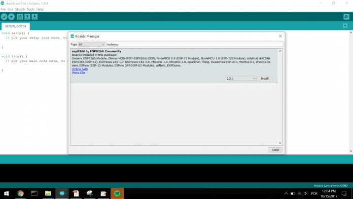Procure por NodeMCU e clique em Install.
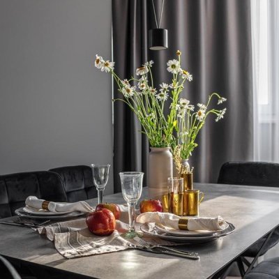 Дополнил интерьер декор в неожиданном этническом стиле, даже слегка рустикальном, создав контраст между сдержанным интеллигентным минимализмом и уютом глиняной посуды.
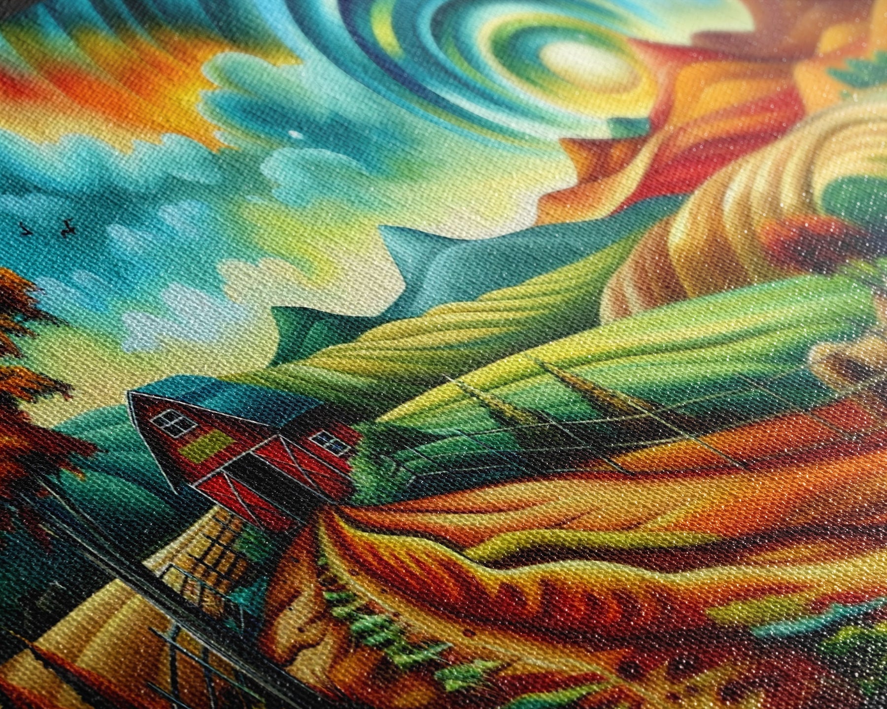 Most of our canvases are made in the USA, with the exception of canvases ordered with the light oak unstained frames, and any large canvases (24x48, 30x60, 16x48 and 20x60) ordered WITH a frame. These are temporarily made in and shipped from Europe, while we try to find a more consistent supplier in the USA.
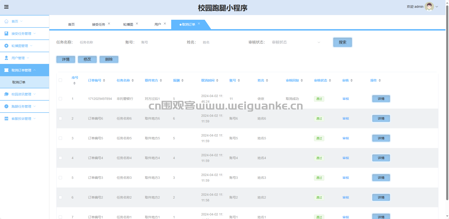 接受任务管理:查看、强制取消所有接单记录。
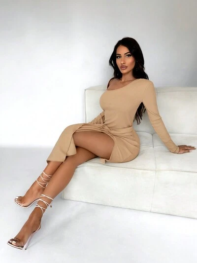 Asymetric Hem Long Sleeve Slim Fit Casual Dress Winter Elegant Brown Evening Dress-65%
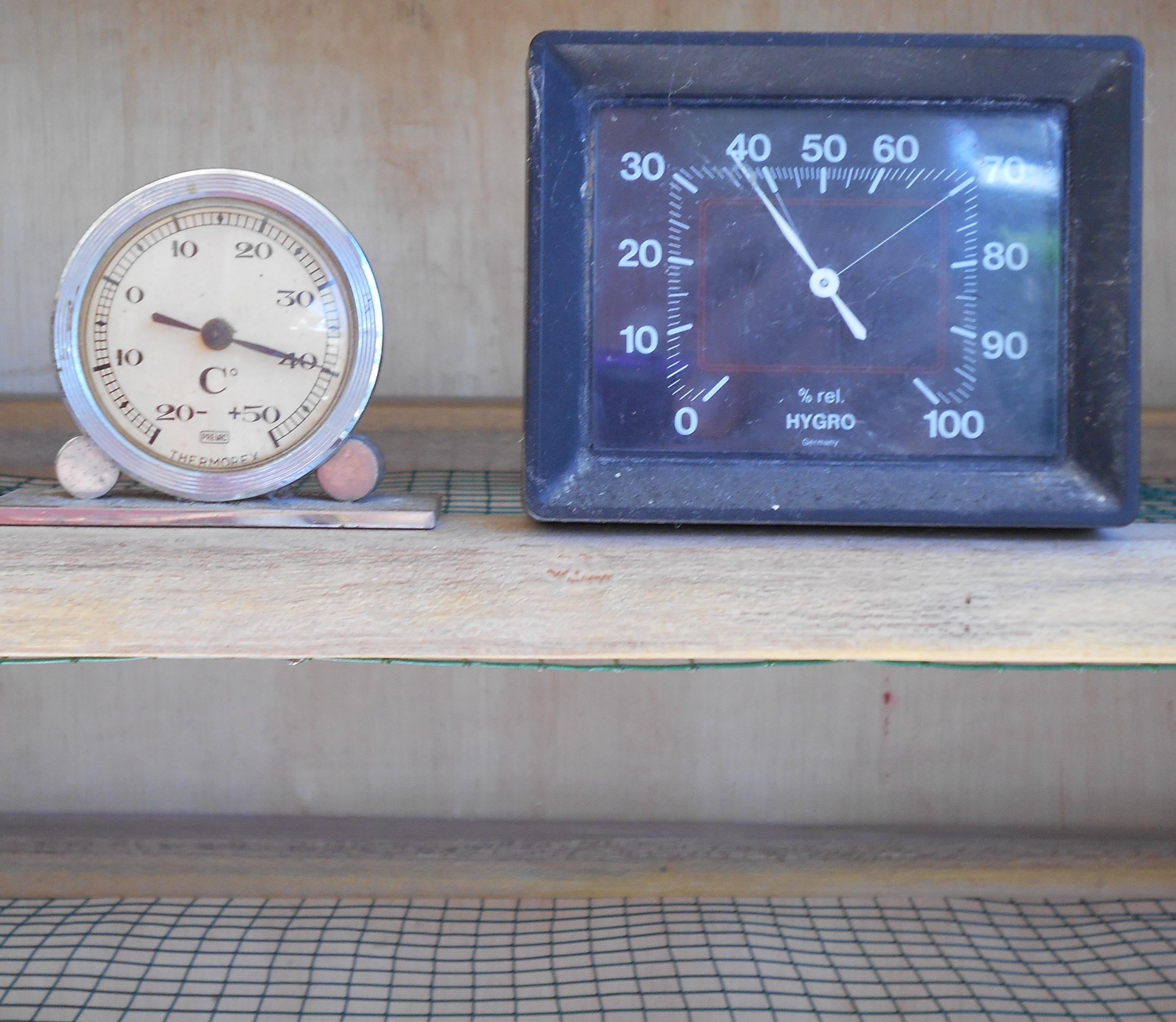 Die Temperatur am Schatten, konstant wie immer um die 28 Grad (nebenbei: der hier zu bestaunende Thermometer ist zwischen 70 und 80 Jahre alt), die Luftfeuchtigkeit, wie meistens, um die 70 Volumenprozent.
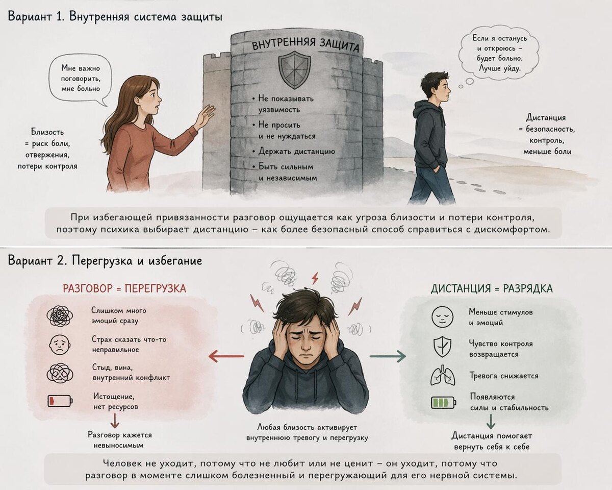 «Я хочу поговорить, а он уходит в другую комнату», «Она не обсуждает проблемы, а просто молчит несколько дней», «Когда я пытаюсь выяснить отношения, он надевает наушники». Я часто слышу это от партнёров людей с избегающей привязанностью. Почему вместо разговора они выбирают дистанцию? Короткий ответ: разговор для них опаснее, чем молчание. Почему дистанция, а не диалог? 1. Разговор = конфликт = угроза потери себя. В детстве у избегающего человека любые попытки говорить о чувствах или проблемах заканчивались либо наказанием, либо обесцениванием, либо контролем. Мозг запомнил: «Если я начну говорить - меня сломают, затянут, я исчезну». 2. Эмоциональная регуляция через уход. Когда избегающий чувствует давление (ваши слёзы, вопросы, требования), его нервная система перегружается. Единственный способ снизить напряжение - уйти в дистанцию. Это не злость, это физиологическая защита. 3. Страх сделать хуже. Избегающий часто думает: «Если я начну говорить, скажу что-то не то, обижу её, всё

--

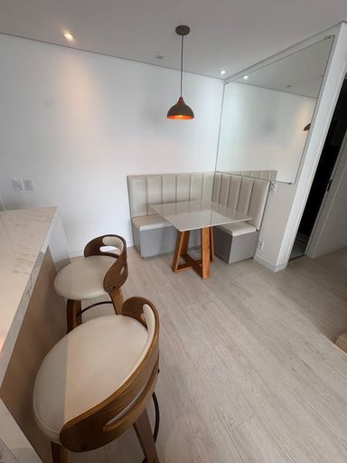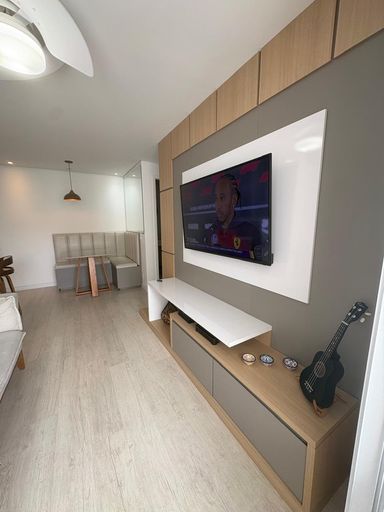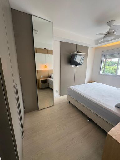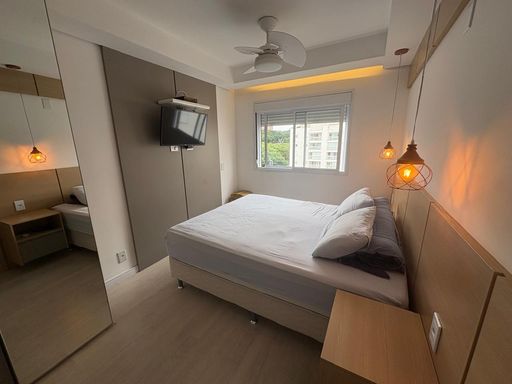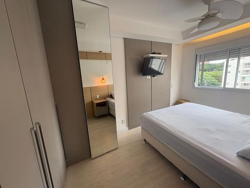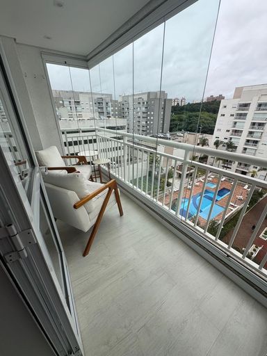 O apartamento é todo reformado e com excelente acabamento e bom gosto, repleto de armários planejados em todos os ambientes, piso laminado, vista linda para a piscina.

...

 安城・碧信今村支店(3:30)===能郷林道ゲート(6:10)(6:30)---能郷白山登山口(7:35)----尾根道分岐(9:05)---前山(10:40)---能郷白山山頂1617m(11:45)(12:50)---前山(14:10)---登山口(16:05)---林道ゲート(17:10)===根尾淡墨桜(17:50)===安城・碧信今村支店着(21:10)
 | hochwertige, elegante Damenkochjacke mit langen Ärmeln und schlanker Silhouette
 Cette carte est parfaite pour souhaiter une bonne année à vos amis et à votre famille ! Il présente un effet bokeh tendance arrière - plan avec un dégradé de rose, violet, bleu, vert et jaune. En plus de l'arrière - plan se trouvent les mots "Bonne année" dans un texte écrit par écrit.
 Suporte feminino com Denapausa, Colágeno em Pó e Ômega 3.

■ Aim of the task: "Procure por NodeMCU e clique em Install." marks the first line to copy, and "обижу её, всё" marks the last. Repeat that stretch above exactly, with no pictures.

■ Response for this exercise:
Procure por NodeMCU e clique em Install.
 Дополнил интерьер декор в неожиданном этническом стиле, даже слегка рустикальном, создав контраст между сдержанным интеллигентным минимализмом и уютом глиняной посуды.
 Most of our canvases are made in the USA, with the exception of canvases ordered with the light oak unstained frames, and any large canvases (24x48, 30x60, 16x48 and 20x60) ordered WITH a frame. These are temporarily made in and shipped from Europe, while we try to find a more consistent supplier in the USA.
 接受任务管理:查看、强制取消所有接单记录。
 Asymetric Hem Long Sleeve Slim Fit Casual Dress Winter Elegant Brown Evening Dress-65%
 Die Temperatur am Schatten, konstant wie immer um die 28 Grad (nebenbei: der hier zu bestaunende Thermometer ist zwischen 70 und 80 Jahre alt), die Luftfeuchtigkeit, wie meistens, um die 70 Volumenprozent.
 «Я хочу поговорить, а он уходит в другую комнату», «Она не обсуждает проблемы, а просто молчит несколько дней», «Когда я пытаюсь выяснить отношения, он надевает наушники». Я часто слышу это от партнёров людей с избегающей привязанностью. Почему вместо разговора они выбирают дистанцию? Короткий ответ: разговор для них опаснее, чем молчание. Почему дистанция, а не диалог? 1. Разговор = конфликт = угроза потери себя. В детстве у избегающего человека любые попытки говорить о чувствах или проблемах заканчивались либо наказанием, либо обесцениванием, либо контролем. Мозг запомнил: «Если я начну говорить - меня сломают, затянут, я исчезну». 2. Эмоциональная регуляция через уход. Когда избегающий чувствует давление (ваши слёзы, вопросы, требования), его нервная система перегружается. Единственный способ снизить напряжение - уйти в дистанцию. Это не злость, это физиологическая защита. 3. Страх сделать хуже. Избегающий часто думает: «Если я начну говорить, скажу что-то не то, обижу её, всё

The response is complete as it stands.